Solutions

Reliable Python apps, anyone?

How Tower Enables Reliable Execution of Python Apps on Iceberg Tables

Jan 16, 2025

A growing number of data teams are bringing (post-)modern Python frameworks such as Polars, DataFusion, and dltHub to production. They are drawn to these frameworks because they don't want to learn decades-old Big Data technologies. They don't want to use complex distributed programming APIs and are looking for simple, single-node, in-memory libraries to develop their apps. Libraries they can use to build and debug apps locally on their development boxes, where they can use modern editors like VSCode or Cursor and access local Apple Silicon GPUs.

Other data teams are looking to standardize their data storage on open technologies and use open table formats like Apache Iceberg and Delta Lake to build their data lakes and warehouses. They hope to escape vendor lock-in, so common in existing Big Data platforms, and create architectures where multiple engines can operate on the same set of tables, requiring no ETL. The data community even coined a term for this - Open Lakehouses.

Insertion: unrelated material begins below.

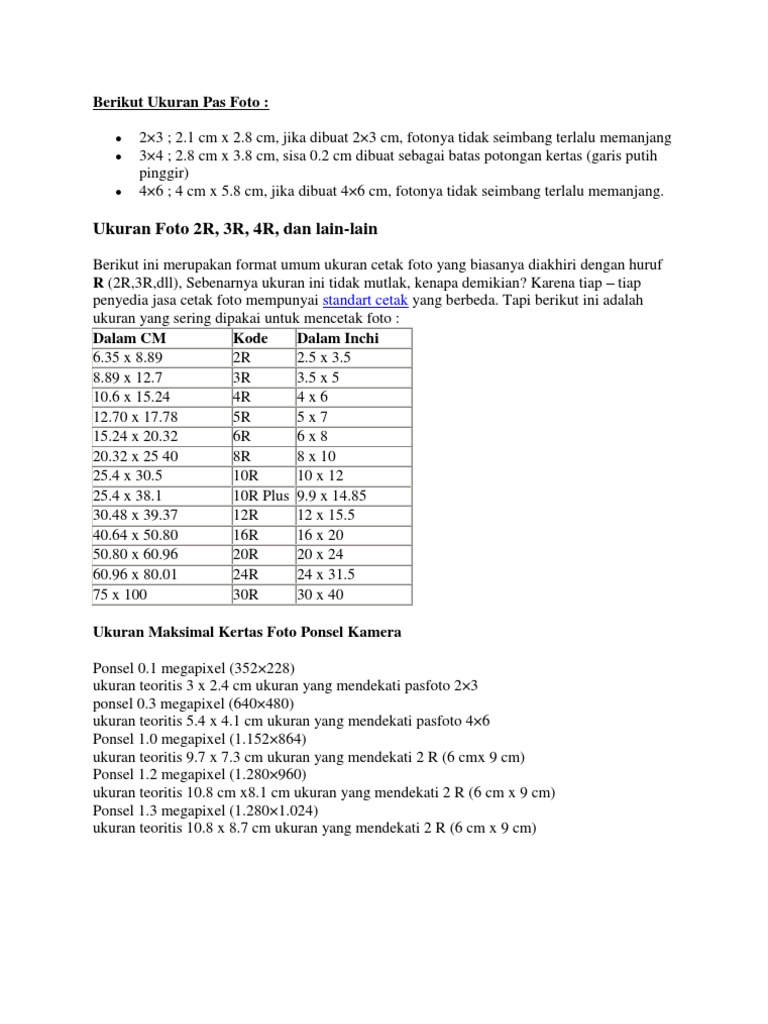 Ukuran Foto 2x3 Cm 3x4 Cm 4x6 Cm 2r 3r 4r 5r 6r 8r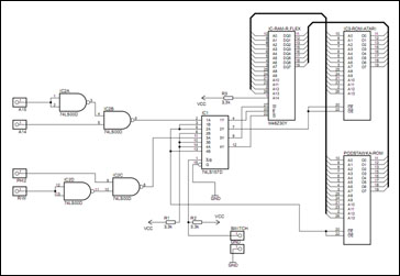 jest mapowana pamięć R-Flexa. Bramki IC2C oraz IC2D formują sygnał zapisu do RAM. Multiplexer IC1 ma za zadanie zmieniać tryby pracy (oryginalny OS <-> R-Flex).

The first group of data teams does not always care about open storage, but amazing things happen when they do. In our previous post, we showed how to set up an environment where Python data apps can read and write to open lakehouse tables stored in the Iceberg format. With just some S3 storage and a little Python code, you get a powerful way to run data processing in production. And these data apps can work alongside Big Data engines on the same storage too!

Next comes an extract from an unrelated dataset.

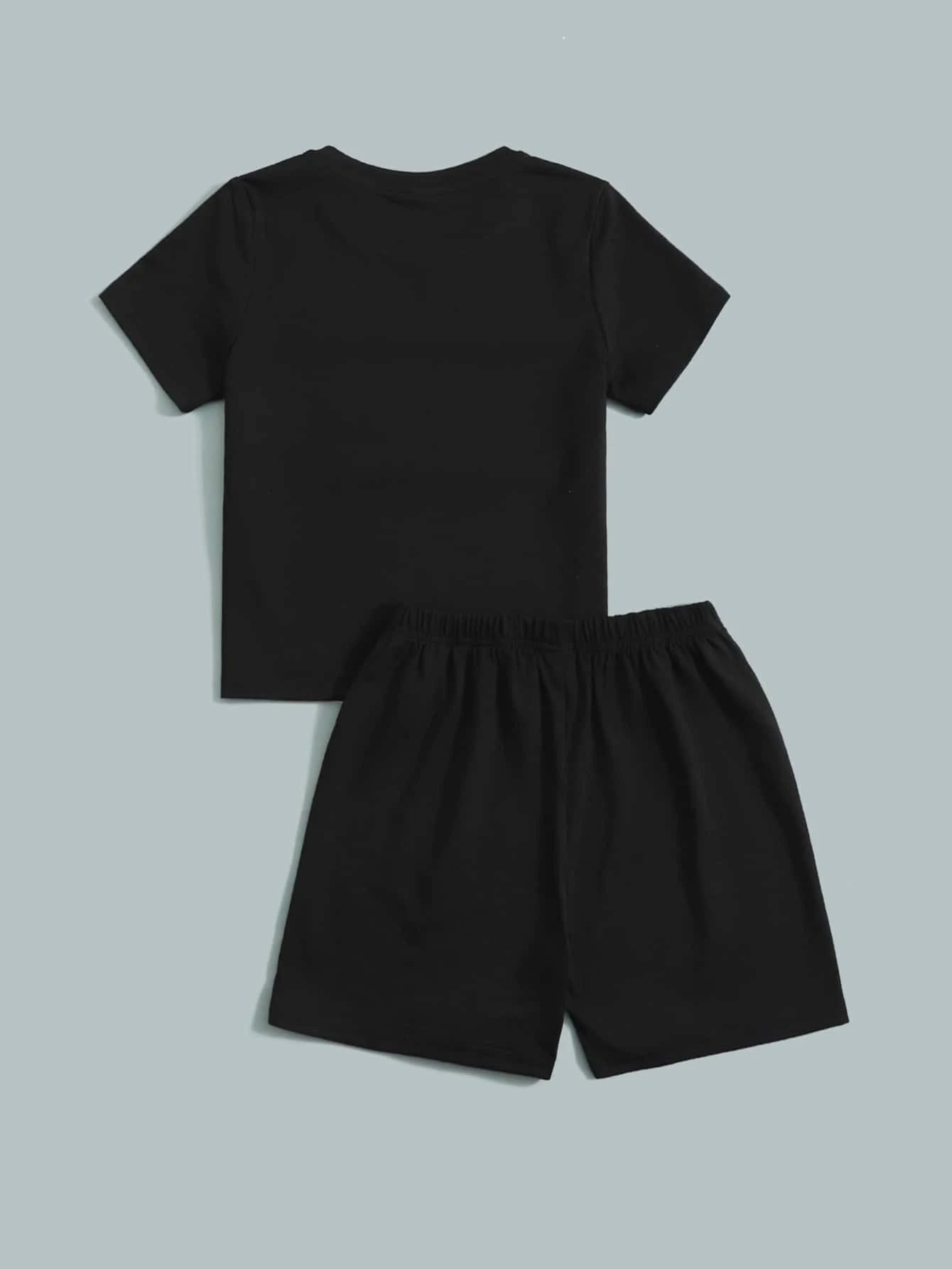 Camiseta Con Gráfico De Letras Y Pantalones Cortos De Bloque

When we developed and tested our Python data apps, we did this locally on our dev machines, and it worked great. But how do we transition the apps from our development laptops to a managed service and make them production jobs? In other words, we want to turn our data apps into production pipelines (apps that read and transform inputs and write them into a persistent store) or queries (similar to pipelines, but without output persistence).

Tower was developed for precisely this case. You can give Tower your Python code, any Python code, and run it there. Tower will turn your queries, pipelines, and everything in between into reliable data apps.

pip install tower-cli

Tower provides examples for running data apps on Iceberg, so let's get them.

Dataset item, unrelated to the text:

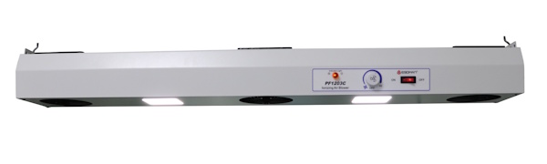 יוניזטור עילי עם שלושה מאווררים מיועד לנטרול יעיל של מטענים אלקטרוסטטיים בסביבות ייצור ותהליכי עבודה תעשייתיים. המערכת מייצרת זרימת אוויר רחבת היקף העשירה ביונים חיוביים ושליליים, המאפשרים נטרול מהיר ואחיד של חשמל סטטי על פני משטחים ואובייקטים.
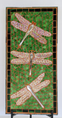 The dragonfly bodies are made from the handles of forks and spoons. Their eyes are millefiori. As the light and angle changes, the colors of their iridescent wings change too.

We will switch to a temp directory and git-clone the repo with the Tower examples:

cd /tmp 
git clone https://github.com/tower/tower-examples

Cloning into 'tower-examples'...
remote: Enumerating objects: 114, done.
remote: Counting objects: 100% (114/114), done.
remote: Compressing objects: 100% (77/77), done.
remote: Total 114 (delta 35), reused 102 (delta 23), pack-reused 0 (from 0)
Receiving objects: 100% (114/114), 129.45 KiB | 523.00 KiB/s, done.
Resolving deltas: 100% (35/35), done

If you get permissions errors with Git, you need to set up Git to access GitHub. A guide for setting up Git to access Github is available here.

The app we want to run is called "iceberg-analyze", and it is located in a subfolder of our just-cloned GitHub repo.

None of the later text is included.